I have found that is unsafe. It will crash if either self.status or self.message is nil at the time of the assignment. Try this test in a Playground:

class Test {
    var status: Int?
    var error: String?

    func parseResponse() -> (Status:Int, Error:String)
    {
        return (200, "Success")
    }

    func testIt() {
        (self.status!, self.error!) = parseResponse()
        print(self.status)
        print(self.error)
    }
}

let mytest = Test()
mytest.testIt()

---

这是另一种可以完成的方式:

---

Here is another way it could be done:

let (stat, err) = self.parseResponse(resultBody)
(self.status, self.error) = (Optional(stat), Optional(err))

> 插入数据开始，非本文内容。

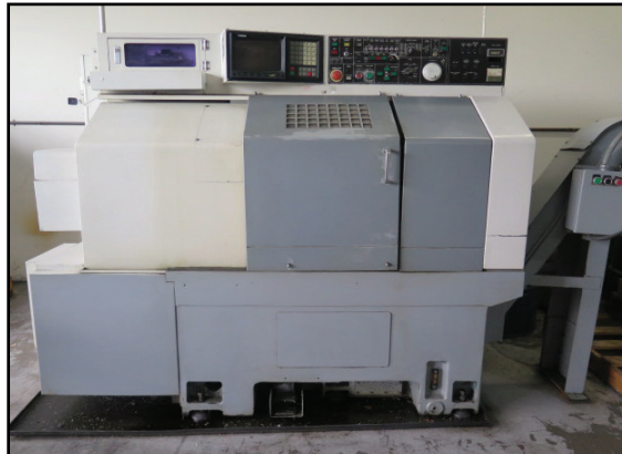
Nakamura Tome S-Jr CNC Turning Center w/ GMF / Fanuc Controls, 10-Station Turret, 3J Spindle Nose

Inspection : 2016 VeriSurfX "Master 3D Gage" Portable CMM Arm s/n 7312-5709-UC w/ 1.2m (4') Measuring Volume, 0.00039" Probing Size Error, 0.00096" Volumetric Accuracy, Wireless Communication, Standard Probe Set, Magnetic Mounting Kit, Travel Case. Ex-Cell-O mdl. 14-5 14" Optical Comparator s/n 8140066 w/ Anilam Wizard DRO, Surface Illumination. Sunstrand 6" x 12" Bench Center. Mitutoyo 12" Digital and Dial Height Gages. Fowler Bore Gage Setting Master. Gage Block Sets. Thread Ring and Plug Gages. Mitutoyo 0-1" Digital OD Mic. SPI 0-1" x 6" Deep Throat OD Mic. Import 0-1", 1"-2" and 2"-3" Thread Pitch Mics. Import 2"-6" Dial Bore Gage. Mitutoyo .7"-1.4" and 1.4"-2.4" Dial Bore Gages. SPI Dial Chamfer Gages. Fowler 24" and 12" Digital Calipers. Mitutoyo 8" Digital Caliper. Aerospace 12" Dial Caliper. Mitutoyo 6" Dial Caliper. Mitutoyo, Starrett and Import OD Mics to 6". Starrett 0-6" Depth Mic. Mitutoyo 0-4" Depth Mic.

或者，就像@AndriyGordiychuk发现的那样，它可以在没有Optional的情况下工作:

or, as @AndriyGordiychuk discovered, it works without Optional:

let (stat, err) = self.parseResponse(resultBody)
(self.status, self.error) = (stat, err)

这很好奇，但是分配函数的结果却没有.

It's curious that that works, but assigning the result of the function does not.

请注意以下实验:

var i: Int?
var s: String?

// This works
(i, s) = (3, "hello")

// This fails with error: cannot express tuple conversion '(Int, String)' to '(Int?, String?)
let t = (3, "hello")
(i, s) = t

似乎当分配是分配给元组的元组文字时，Swift会采用快捷方式并且不会首先构造该元组.相反，只是分配各个元素.

It seems that when the assignment is a tuple literal assigned to a tuple, Swift takes a shortcut and doesn't first construct the tuple. Instead, is just assigns the individual elements.

所以这个:

(i, s) = (3, "hello")

等效于:

i = 3
s = "hello"

之所以有效，是因为您可以将Int分配给Int?变量并将String分配给String?变量.元组分配失败，因为类型需要匹配.

which works because you can assign an Int to an Int? variable and a String to a String? variable. The tuple assignment fails because the types need to match.

这篇关于快速元组到可选分配的文章就介绍到这了，希望我们推荐的答案对大家有所帮助，也希望大家多多支持IT屋！